WORKING DATA
================

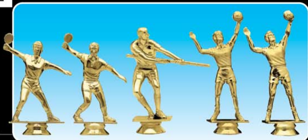
F501 TABLE TENNIS, F (100-0-4 1/4")
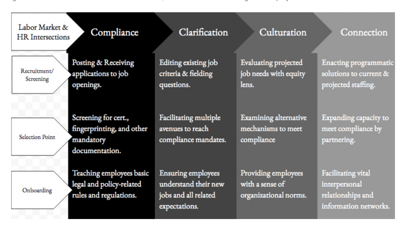
Figure 1: 4 C's of Human Resources in Recruitment, Selection and Onboarding New Employees

Adapted from Bauer, T. (2004). Onboarding New Employees: Maximizing Success. SHRM Publications
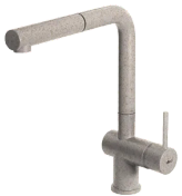
MGKSTP51 G51 8031873103798
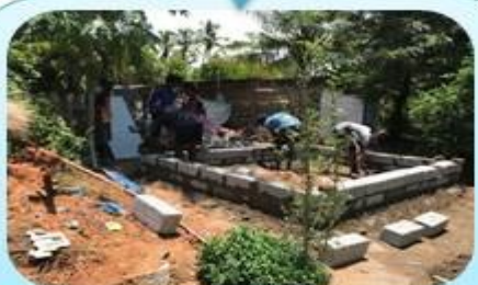
Putting our hands and minds together...
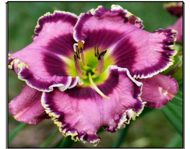
VOLARIS 37",Tet,5.50",Evr,EM,Frag,Re PIERCE-G. 2012 $25
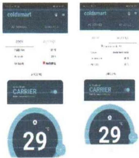
Figure 6. Weather Tracking mobile apps.
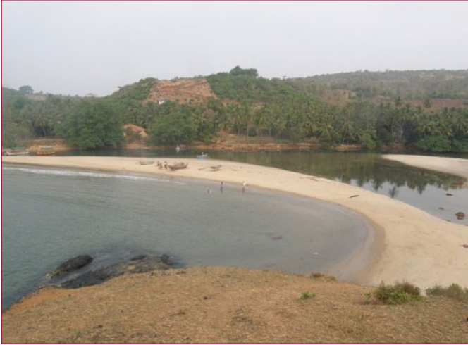
Fig. 9- Nivati Beach
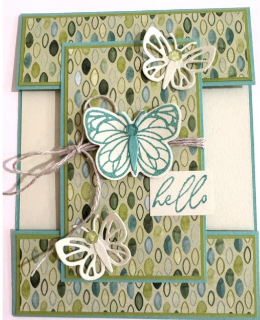
Created by Judi Hartbarger Images ©Stampin' UP!
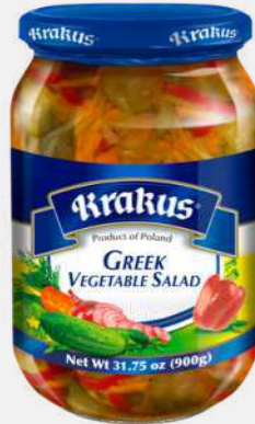
GREEK VEGETABLE SALAD GRECKA SAŁATKA WIELOWARZYWNA 31.75 oz | 900 g | 12 units UPC# 820213125006
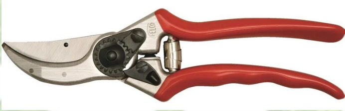
Hand Pruners – Bypass Best
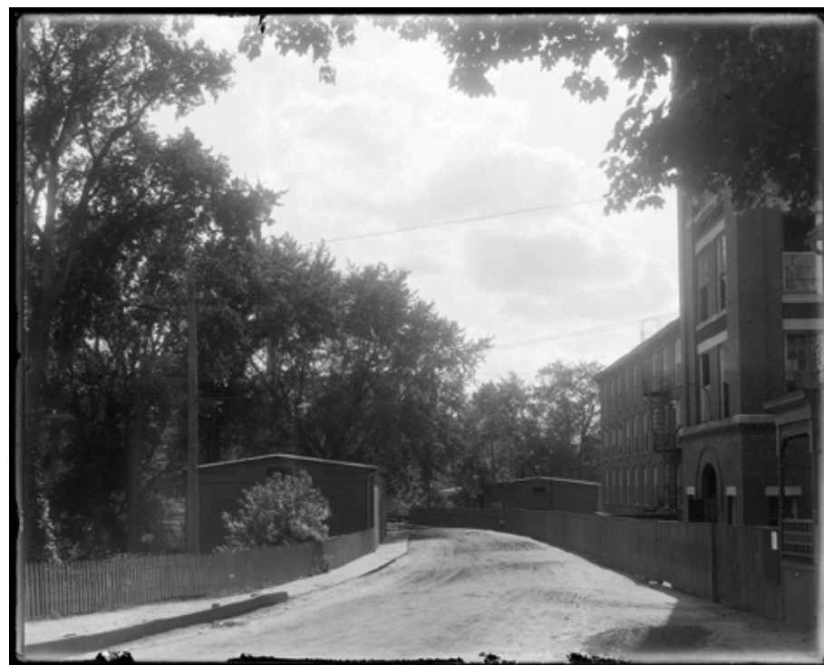
The Faulkner Manufacturing Company storehouse opposite the main mill complex which was removed when the new concrete bridge was built in 1910.

A special Town Meeting was called on August 2, 1910. The Committee's

================

THE TASK
Would you please repeat all the data word for word, but without the pictures?

OUTPUT FOR THIS EXERCISE
F501 TABLE TENNIS, F (100-0-4 1/4")
Figure 1: 4 C's of Human Resources in Recruitment, Selection and Onboarding New Employees

Adapted from Bauer, T. (2004). Onboarding New Employees: Maximizing Success. SHRM Publications
MGKSTP51 G51 8031873103798
Putting our hands and minds together...
VOLARIS 37",Tet,5.50",Evr,EM,Frag,Re PIERCE-G. 2012 $25
Figure 6. Weather Tracking mobile apps.
Fig. 9- Nivati Beach
Created by Judi Hartbarger Images ©Stampin' UP!
GREEK VEGETABLE SALAD GRECKA SAŁATKA WIELOWARZYWNA 31.75 oz | 900 g | 12 units UPC# 820213125006
Hand Pruners – Bypass Best
The Faulkner Manufacturing Company storehouse opposite the main mill complex which was removed when the new concrete bridge was built in 1910.

A special Town Meeting was called on August 2, 1910. The Committee's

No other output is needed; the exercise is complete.